I am using a 3rd party application (Debezium Connector). It has to write date time strings in ISO-8601 format into a TIMESTAMPTZ column. Unfortunately this fails, because there is no implicit cast from varchar to timestamp tz.
I did notice that the following works:
SELECT TIMESTAMPTZ('2021-01-05T05:17:46Z');
SELECT TIMESTAMPTZ('2021-01-05T05:17:46.123Z');
I tried the following:
CREATE OR REPLACE FUNCTION varchar_to_timestamptz(val VARCHAR)
RETURNS timestamptz AS $$
SELECT TIMESTAMPTZ(val) INTO tstz;
$$ LANGUAGE SQL;
CREATE CAST (varchar as timestamptz) WITH FUNCTION varchar_to_timestamptz (varchar) AS IMPLICIT;
Unfortunately, it gives the following errors:
function timestamptz(character varying) does not exist
I also tried the same as above but using plpgsql and got the same error.
I tried writing a manual parse, but had issues with the optional microsecond segment which gave me the following
CREATE OR REPLACE FUNCTION varchar_to_timestamptz (val varchar) RETURNS timestamptz AS $$
SELECT CASE
WHEN $1 LIKE '%.%'
THEN to_timestamp($1, 'YYYY-MM-DD"T"HH24:MI:SS.USZ')::timestamp without time zone at time zone 'Etc/UTC'
ELSE to_timestamp($1, 'YYYY-MM-DD"T"HH24:MI:SSZ')::timestamp without time zone at time zone 'Etc/UTC' END $$ LANGUAGE SQL;
Which worked, but didn't feel correct.
Is there a better way to approach this implicit cast?

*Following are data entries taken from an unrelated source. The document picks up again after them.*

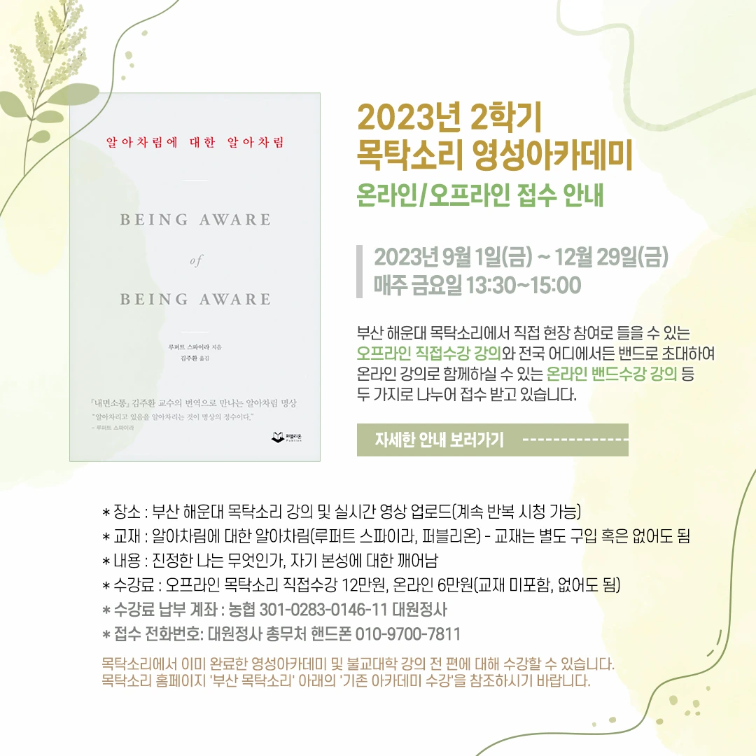 21년 22년 불교대학과 영성아카데미를 수강하지 않으셨던 분들 중 지금이라도 공부하기를 원하시는 분은 목탁소리 홈페이지 '부산 목탁소리' 아래의 '기존 아카데미 수강'을 참조해 주시기 바랍니다.
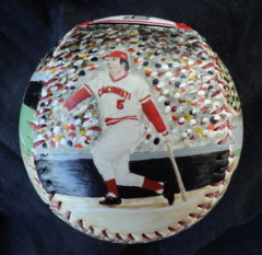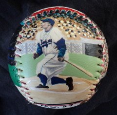 This Legends Hand Painted Hall Of Fame Baseball features four of my original paintings. This Baseball Has Been Sold.
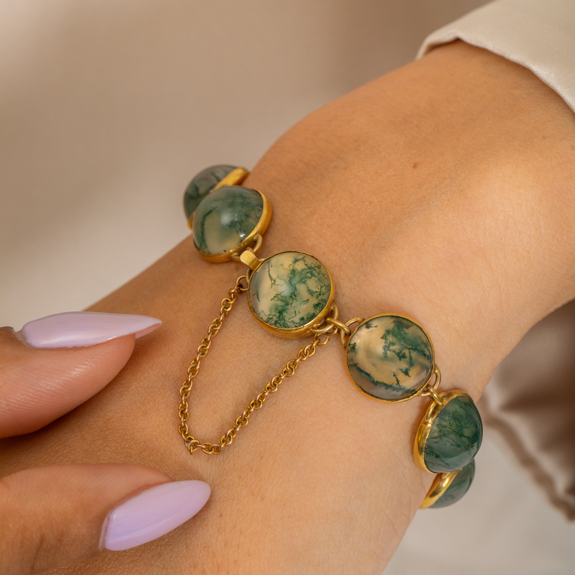 Antique 15ct Gold Moss Agate Bracelet, 34.30ct.
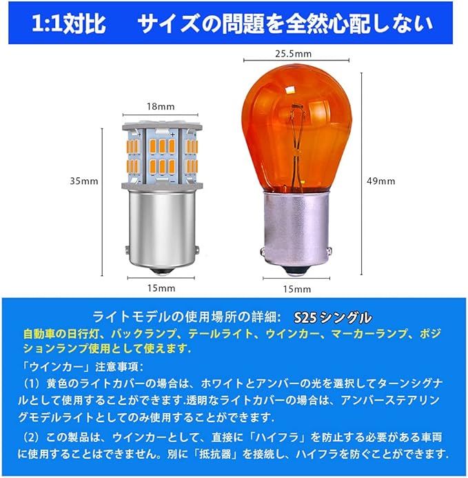 【形状】S25_180 (シングル)BA15S/P21W /1156/ G18 兼用、極性なし、12V-24V専用,1080LM/2個 54LED 3014SMD アンバー 。
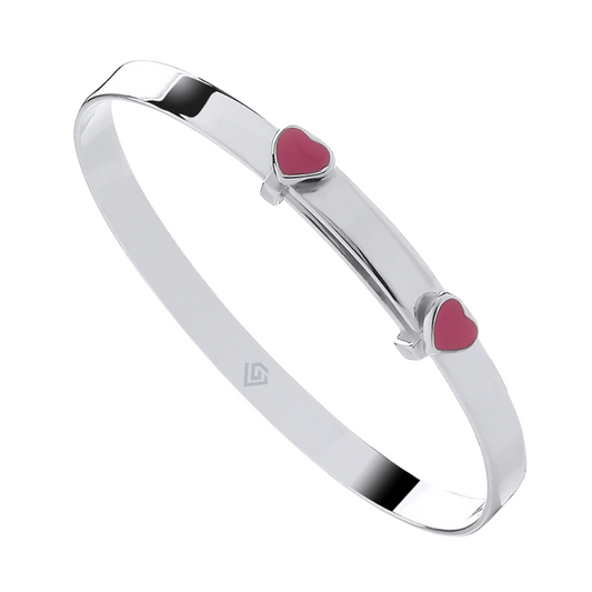 Sterling Silver 925 Expandable Baby Bangle with Pink Enamel Hearts Add a touch of sweetness...
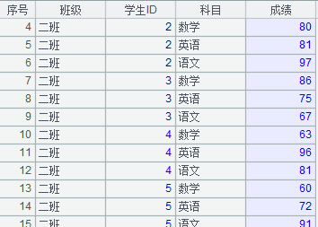 假設(shè)我們想分別求一、二班的數(shù)學總分、人數(shù)、平均分、最高及最低分,單數(shù)據(jù)庫如下:
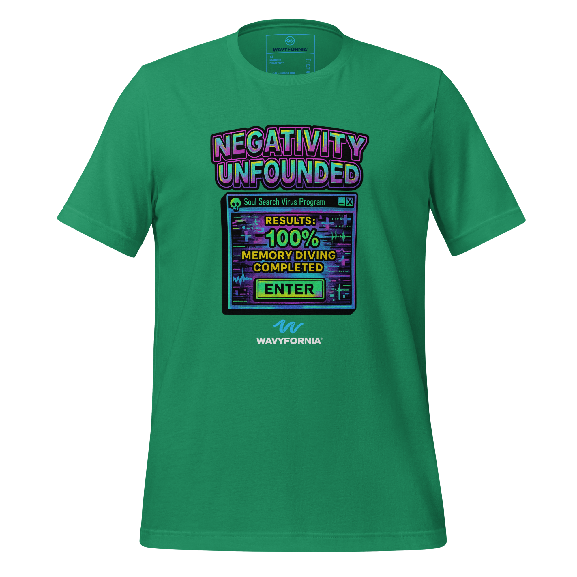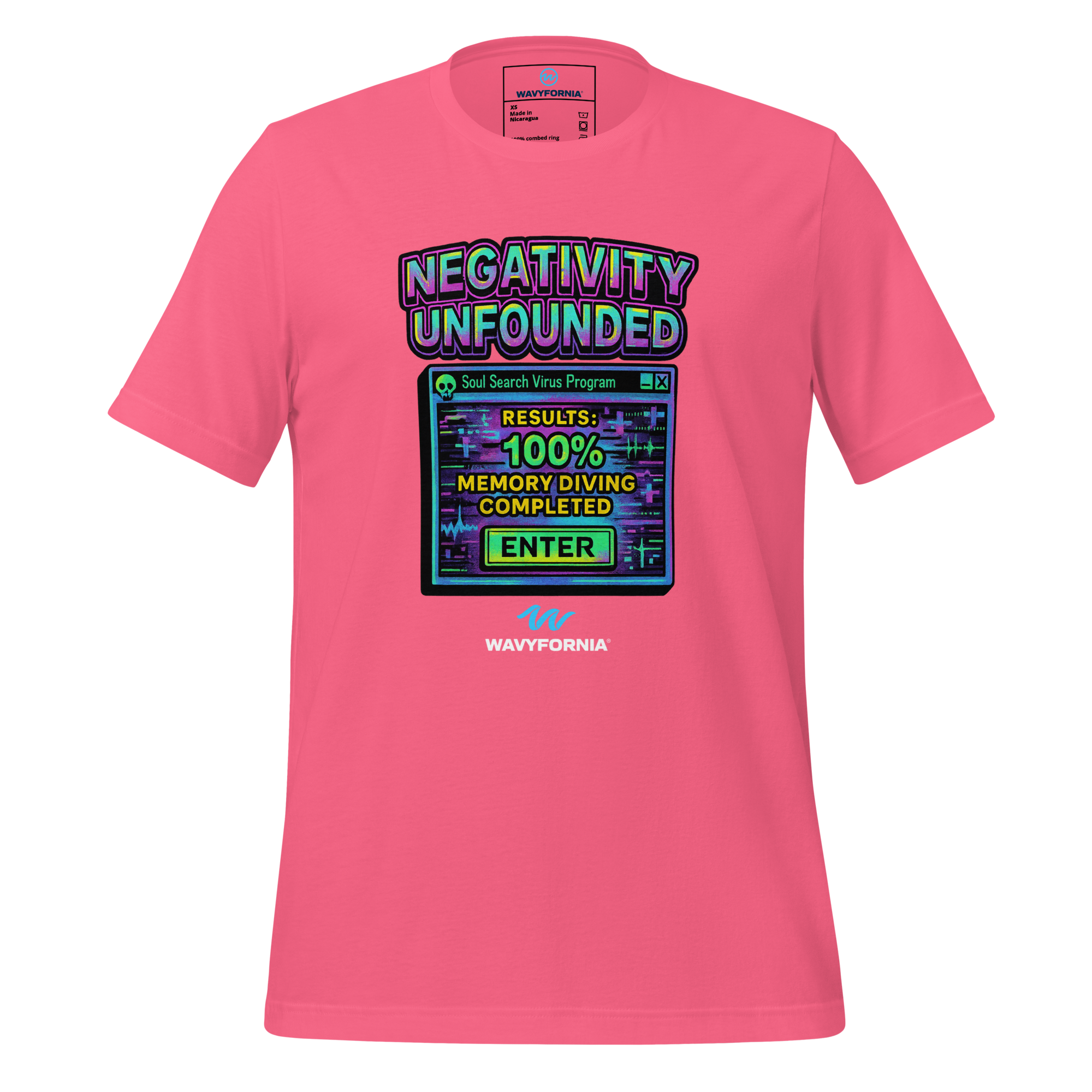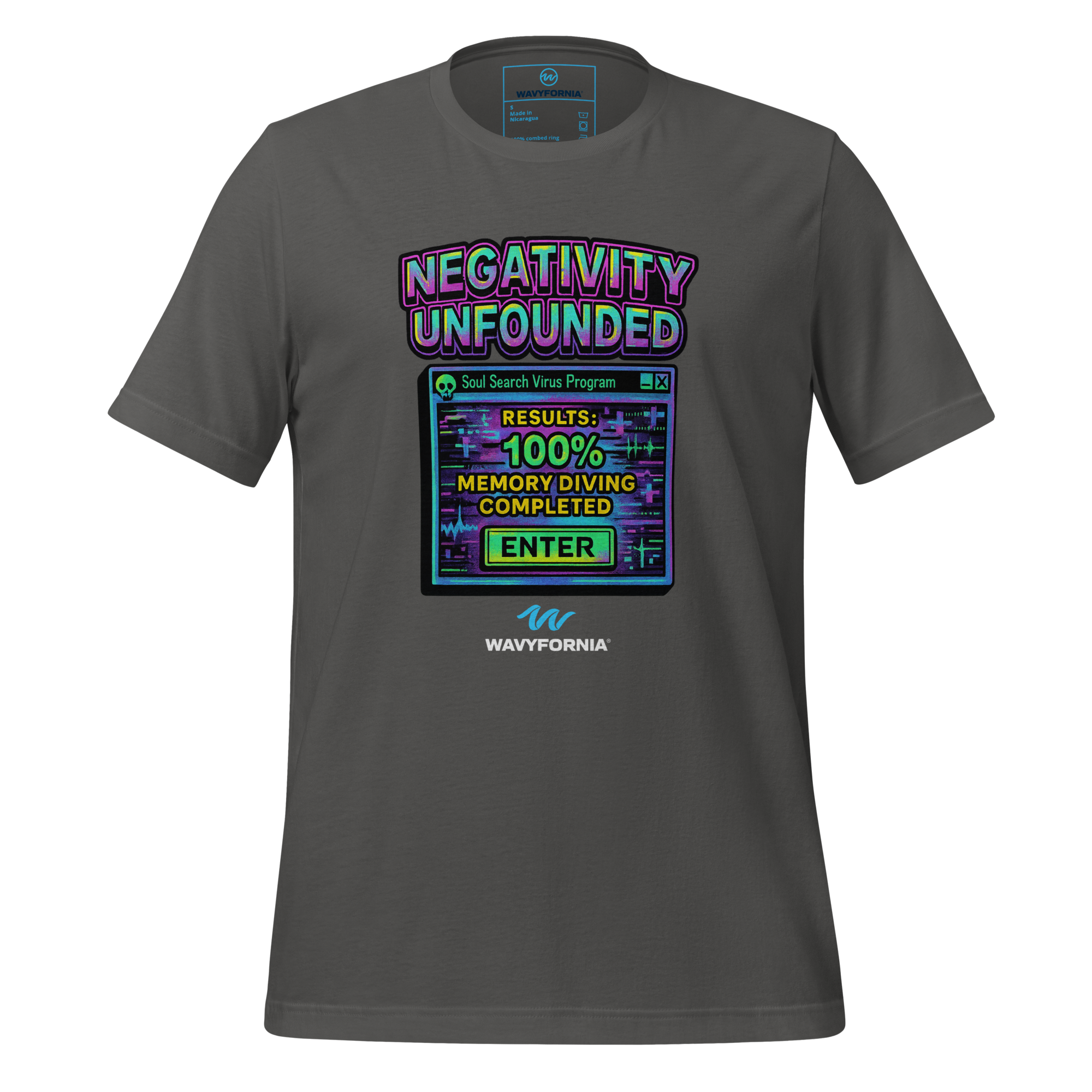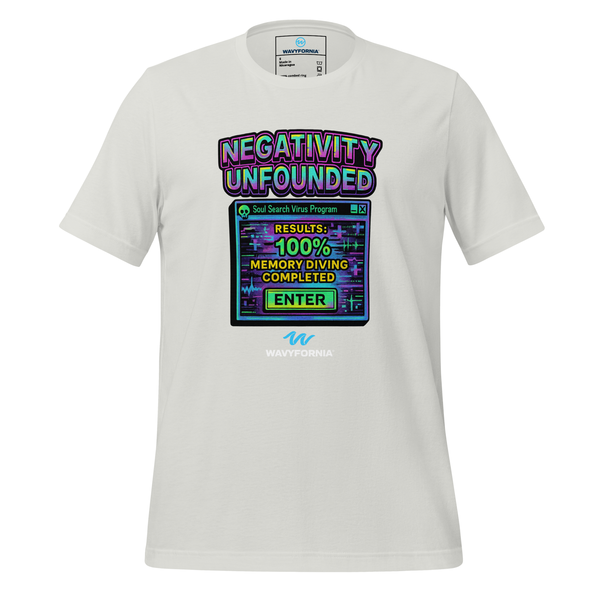 The search is complete — and the results are in: no negativity detected. The Negativity Unfounded T-Shirt by Wavyfornia features a surreal, digital-age twist on self-reflection — a pop-up window from a fictional “Soul Search” virus scan, returning clean, peaceful results.

If the value should be converted upon insert, define an assignment cast. You need no function; using the type input and output functions will do:
CREATE CAST (varchar AS timestamptz) WITH INOUT AS ASSIGNMENT;
Be warned that messing with the casts on standard data types can lead to problems, because it increases the ambiguity. It would be much better if you could find a way to use an explicit cast.